Pourquoi alors ne pas en sortir, si c’est un homme intelligent ? Mais parce que ce n’est pas facile. Parce qu’on se lève le matin, et qu’on voit sa maison sale, qu’on se souvient de son esprit oisif et broyant du noir de la veille, et qu’alors il n’y a rien, aucune issue ! Le monde est froid, il faut se faire à manger, on voit les autres rire, on se voit soi désespérer, et on se cherche des excuses, et on passe sa vie à se chercher des excuses. Plus encore, l’on raisonne par excuses : pourquoi donc, moi, n’ai-je pas fait comme lui ? La jalousie naît et la vie se résume à la défense contre cette jalousie. L’orgueil empêche de donner libre cours à ce sentiment, impossible d’avouer qu’il enviait les autres, car cela signifierait qu’ils étaient plus forts, plus forts que lui dans la vie. Ce garçon qui avait son âge, et qui était bien moins beau que lui, il voyageait et plaisait pendant que lui, seul avec lui-même tentait désespérément de résoudre cette crise qui n’en finissait pas. Et que dire ! Cela faisait presque un an, on allait bientôt pouvoir fêter l’anniversaire, un an sans un instant de répit. Il avait l’air reposé, assis sur son canapé en fumant une cigarette, ou allongé sur son lit les yeux au plafond à la recherche d’un apaisement. Il marchait dans la rue, et les gens le trouvaient normal. Ce n’était qu’une apparence.  D’ailleurs c’est faux, les gens s’intriguaient parfois, il zigzaguait à l’époque. En lui, l’agitation, le tourbillon ne cessaient jamais. Car il avait ce diagnostic sur lui-même, il savait que sa situation n’était pas normale, mais il était dans l’incertitude, quelles était les causes, était-ce pour toujours ? Etait-il mort avant l’heure ?

–  Suis-je mort ?

–  Tu n’es peut-être pas mort mais en tout cas tu n’as plus envie de rien. Tu n’envisages aucune échappée, aucun trou de souris pour te rendre la vie plus supportable. Il semblerait que tu aies décidé supporter un fardeau de plus en plus lourd et cela, évidemment, en vain. Tu ne fais qu’y perdre tes forces.

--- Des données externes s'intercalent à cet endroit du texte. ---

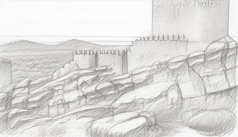 Reimagine the scene in a glowing, bioluminescent ink painting style where the sky pulses with inner light, the rock face glows faintly, and the hikers’ outlines shimmer like starlight.

–  Suis-je simplement terne ?

–  Je ne sais pas, j’ai perdu mes repères.  J’ai l’impression, la sensation … Ou en un mot j’ai bien peur, qu’en t’enfonçant dans le malheur tu sois devenu conformiste.

–  Pourquoi ?

– Sûrement car tu n’as plus envie de rien. Ton humour, ton ironie ont disparu. Tu ne sais même plus rire des gens. Ils ne font que t’exaspérer. Tout à l’heure, dans le bar, je t’ai surpris : au fond tu aurais pu t’amuser et passer un bon moment avec ces gens. Tu as passé ton temps en pure perte : tu te disais qu’ils étaient bêtes, qu’ils ne te valaient pas. Tu t’es dit qu’ils ne valaient pas la peine, qu’ils étaient déprimants. Quand la fille est entrée dans le bar, a entendu cette mauvaise musique qui passe partout, tout le temps et a crié de joie, tu  l’as rabaissée dans ton estime. Et pourtant tu la voulais …

– J’étais tiraillé entre mon envie pour elle, l’envie que j’avais de lui plaire, et l’idée qu’au fond cette envie était vaine, que cette fille n’était une idiote. Que je devrais être au-dessus de ça.

–  Au-dessus de ça ! Je crois qu’on touche quelque chose. Je crois que le problème est là. Tu passes ta vie à vouloir être au-dessus des choses. C’est là l’erreur principale. On n’est au-dessus de rien : on vit, on ne s’élance pas comme un seigneur au-dessus de ce qui nous entoure.

Il touchait là une déduction logique. Et il en donnait des exemples concrets, qui résonnaient en lui comme des évidences avec la jouissance de la découverte de l’absurdité : comment l’homme qui lorsque qu’il bronze sur la plage, se demande si ce qu’il fait est intelligent, si cela est valable du point de vue de sa philosophie de vie peut-il être heureux ? Qu’il bronze et que son intelligence se manifeste ailleurs ! C’était improductif !  Comment être heureux ainsi ? Ou encore, comment danser et se libérer la nuit quand on se demande pendant ce temps si l’on est heureux ? Qu’un tel homme danse, et qu’il arrête de laisser sa pensée le polluer.

Et ce faisant, il avait trouvé l’erreur et en marchant, sans y croire, il espérait que cette découverte lui apporterait une solution. Ne plus être au-dessus de ça … Était-ce la clé du problème ? Peut-être … Était-ce la fin des ennuis ? Il n’y croyait, il est vrai, pas vraiment.